Try it: Transcribe word for word the section of the records below that opens with the line containing "We’ll be using" and closes with the line containing "STEFANEL Chemise à"; drop every picture.
* * * * *
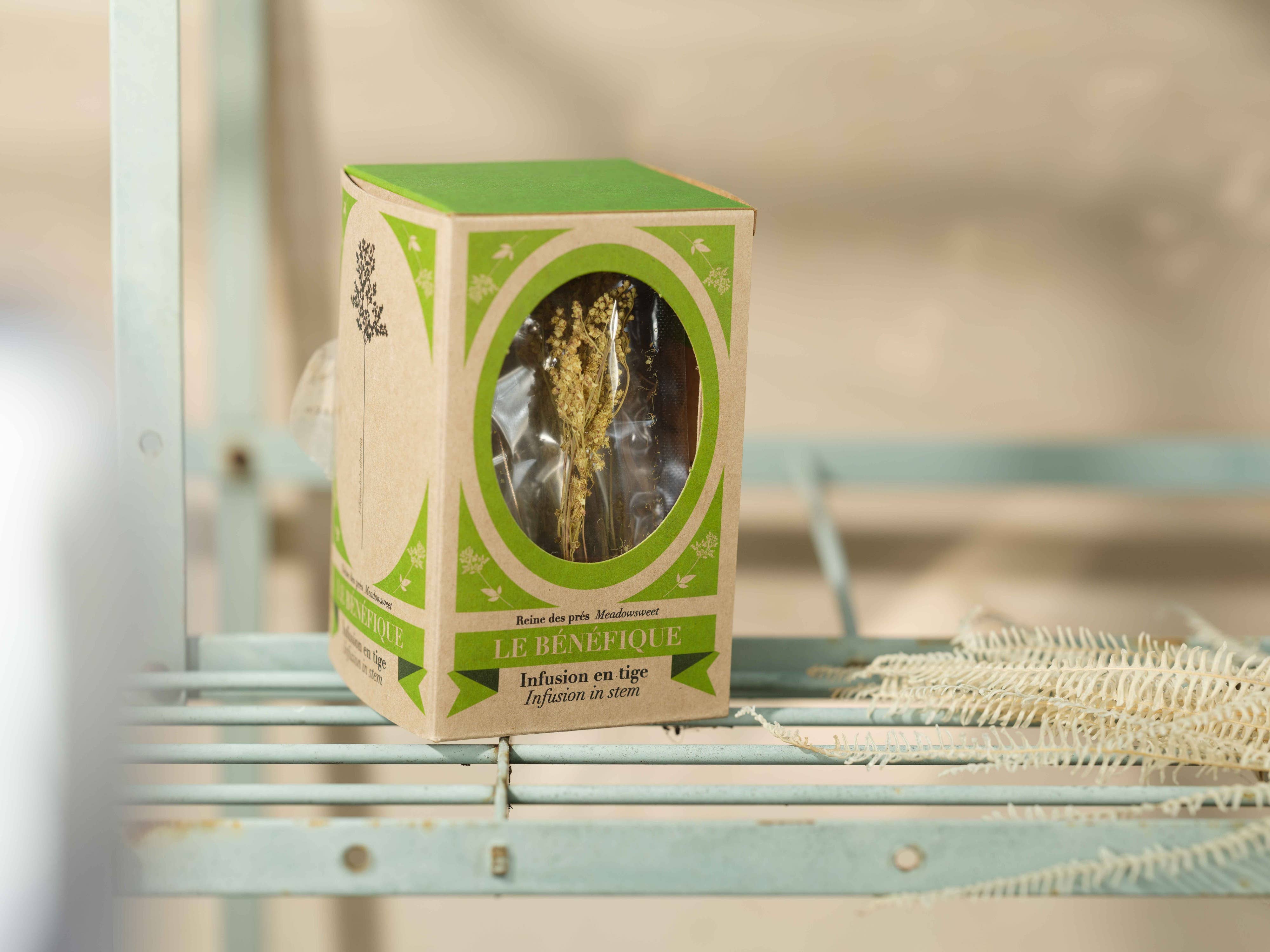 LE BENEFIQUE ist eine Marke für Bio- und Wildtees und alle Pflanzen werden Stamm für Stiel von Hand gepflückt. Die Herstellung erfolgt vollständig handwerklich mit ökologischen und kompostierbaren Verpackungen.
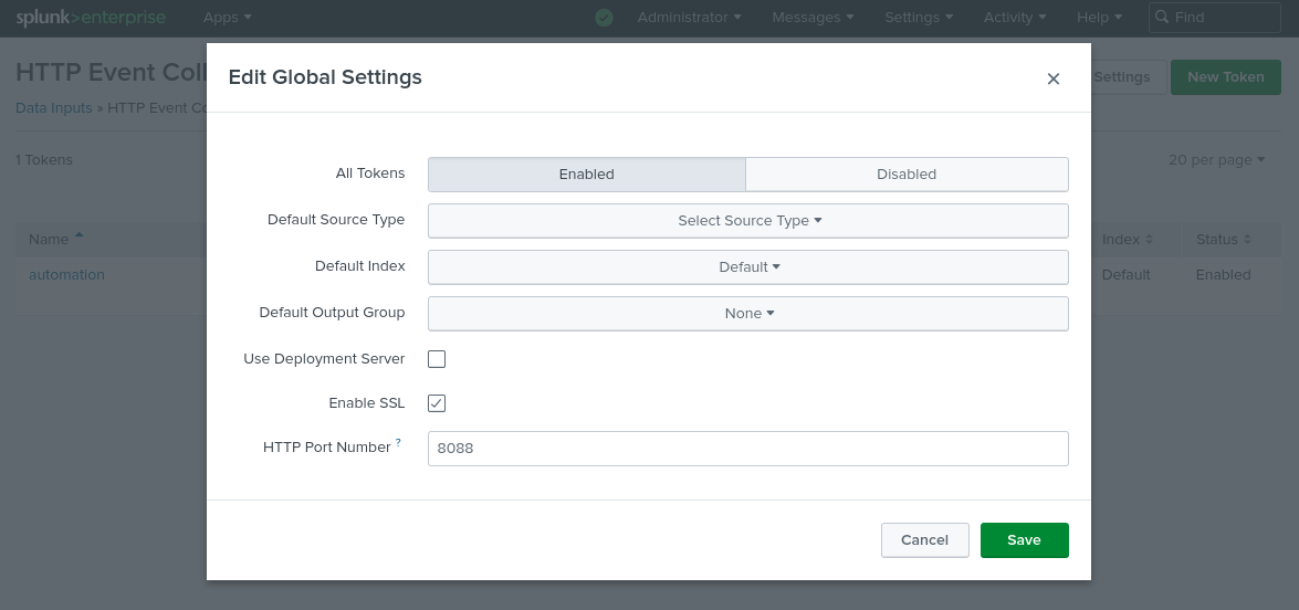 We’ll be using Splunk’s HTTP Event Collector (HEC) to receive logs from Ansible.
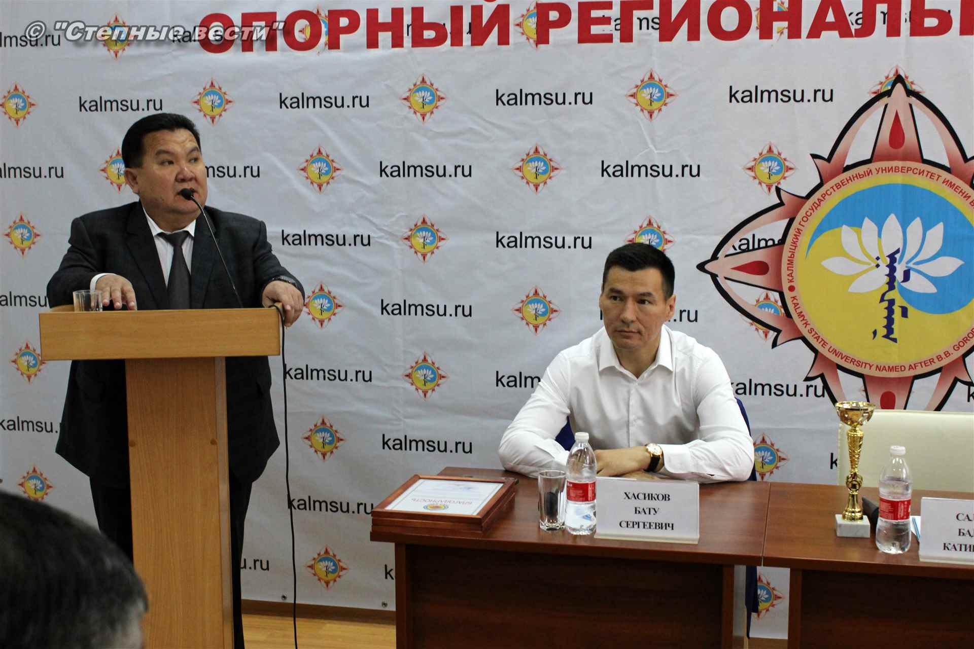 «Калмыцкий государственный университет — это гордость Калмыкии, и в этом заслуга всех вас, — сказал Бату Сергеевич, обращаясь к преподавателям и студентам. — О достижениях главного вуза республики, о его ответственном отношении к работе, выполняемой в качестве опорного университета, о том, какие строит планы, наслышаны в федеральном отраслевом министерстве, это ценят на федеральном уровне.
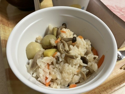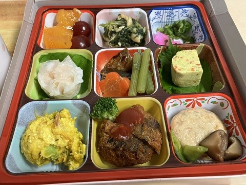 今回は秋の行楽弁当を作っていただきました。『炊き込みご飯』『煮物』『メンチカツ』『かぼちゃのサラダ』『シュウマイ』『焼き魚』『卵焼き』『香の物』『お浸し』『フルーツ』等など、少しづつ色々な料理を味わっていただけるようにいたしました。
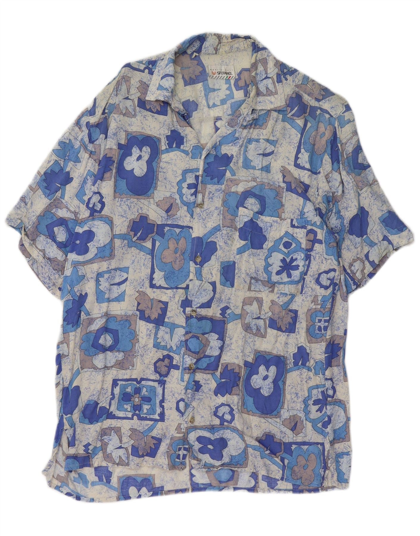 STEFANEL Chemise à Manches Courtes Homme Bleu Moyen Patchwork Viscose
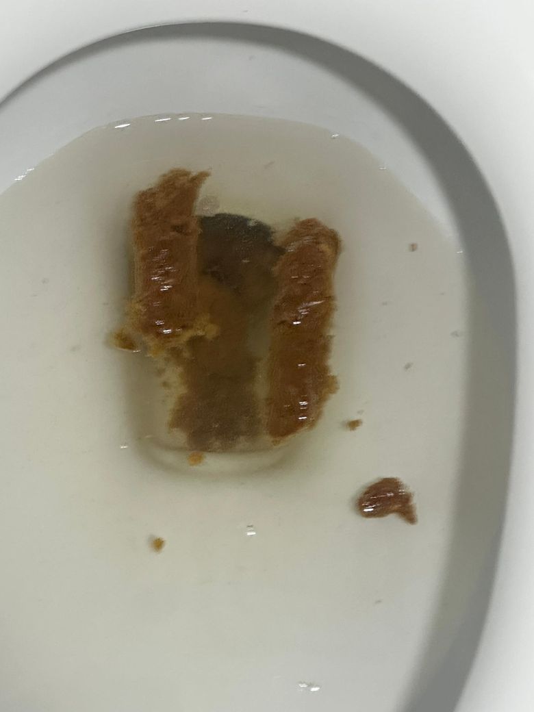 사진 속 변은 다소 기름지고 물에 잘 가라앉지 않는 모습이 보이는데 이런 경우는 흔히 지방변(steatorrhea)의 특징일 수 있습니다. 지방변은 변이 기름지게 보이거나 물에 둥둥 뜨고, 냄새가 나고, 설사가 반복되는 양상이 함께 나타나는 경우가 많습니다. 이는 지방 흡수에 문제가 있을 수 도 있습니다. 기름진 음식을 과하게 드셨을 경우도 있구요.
* * * * *
Result of this task:
 We’ll be using Splunk’s HTTP Event Collector (HEC) to receive logs from Ansible.
 «Калмыцкий государственный университет — это гордость Калмыкии, и в этом заслуга всех вас, — сказал Бату Сергеевич, обращаясь к преподавателям и студентам. — О достижениях главного вуза республики, о его ответственном отношении к работе, выполняемой в качестве опорного университета, о том, какие строит планы, наслышаны в федеральном отраслевом министерстве, это ценят на федеральном уровне.
 今回は秋の行楽弁当を作っていただきました。『炊き込みご飯』『煮物』『メンチカツ』『かぼちゃのサラダ』『シュウマイ』『焼き魚』『卵焼き』『香の物』『お浸し』『フルーツ』等など、少しづつ色々な料理を味わっていただけるようにいたしました。
 STEFANEL Chemise à Manches Courtes Homme Bleu Moyen Patchwork Viscose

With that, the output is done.